← Back to team overview

maria-discuss team mailing list archive

Re: Dynamic columns Library

 

Hi!

Sorry for delay, but I found that the answer could not be postponed.

28 марта 2011, в 16:19, Michael Widenius написал(а):

> 
> Hi!
> 
> I am cc:ing maria-discuss as you accidently forgot to also email the
> patch there.
> 
>>>>>> "Oleksandr" == Oleksandr Byelkin <sanja@xxxxxxxxxxxx> writes:
> 
> Oleksandr> Hi!
> Oleksandr> Here it is dynamic columns library. I do not think that you will have time to review it completely, but please look at it.
> 
> Oleksandr> Some notes:
> 
> Oleksandr> - I changed indices from int to uint + some other minor changes in prototypes.
> 
> Oleksandr> - dynamic_column_exists() has no way to report error (what to do?)
> 
> I assume that same problem exists for all the other functions.
> 
> Two options:
> - Change function type from my_bool to int where -1 means something
>  went bad (like bad format for the blob).
> - Add an 'error' argument to all functions that is set to <> 0 if
>  something goes wrong.

OK, then imho better to have something like this:
#define ER_DYNCOL_EOM  -1
#define ER_DYNCOL_FORMAT  -2
...

[skip]
>> 
>> +my_bool dynamic_column_init_str(DYNAMIC_COLUMN *str, size_t size)
>> +{
>> +  if (!size)
>> +    size= DYNCOL_SYZERESERVE;
>> +  /*
>> +    Make string with no fields (empty header)
>> +    - First \0 is flags
>> +    - other four \0 is 0 fileds counter
>> +  */
>> +  if (init_dynamic_string(str, NULL,
>> +                              size + 5, DYNCOL_SYZERESERVE))
>> +    return TRUE;
>> +  return dynstr_append_mem(str, "\0\0\0\0\0", 5);
>> +}
> 
> Why is an empty data 5 bytes instead of 1 or even 0?

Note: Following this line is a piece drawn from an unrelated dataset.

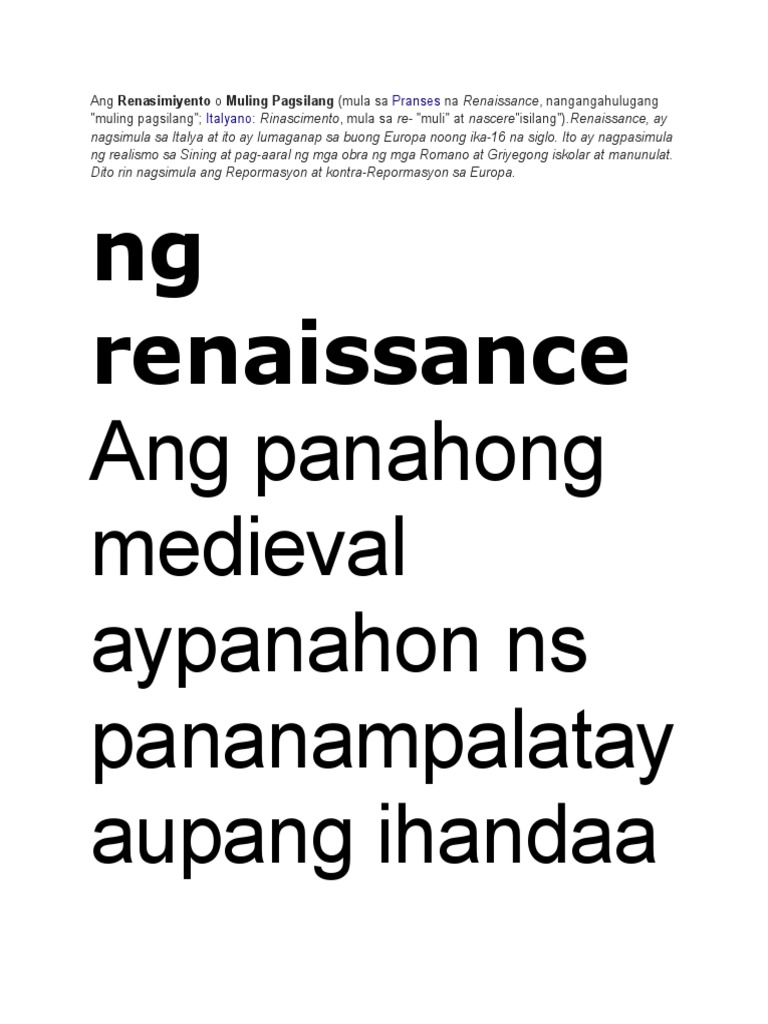 Matatagpuan din ang salita sa. Nagbibigay- linaw ang pahinang ito na nangangahulugang ito ay tumuturo sa mga artikulong mayroong magkaparehong pangalan. Kahulugan ng Renaissance Ito ay nangangahulugang muling pagsilang o rebirth.

We have fixed size part of headers - flags and number of columns.

[skip]
> 
>> +  for (i= 0; i < column_count - 1; i++)
>> +    if (columns_order[i][0] == columns_order[i+1][0])
>> +      goto err;
>> +
>> +  DBUG_ASSERT(str->length == FIXED_HEADER_SIZE);
>> +  str->str[0]|= (offset_size - 1); // size of offset
>> +  int4store(str->str + 1, non_null_count); // columns number
> 
> Lets limit the number of columns to 65536 (2 bytes)
> 
> Don't understand why we store non_null_count in header
> Don't we need to store total number of columns ?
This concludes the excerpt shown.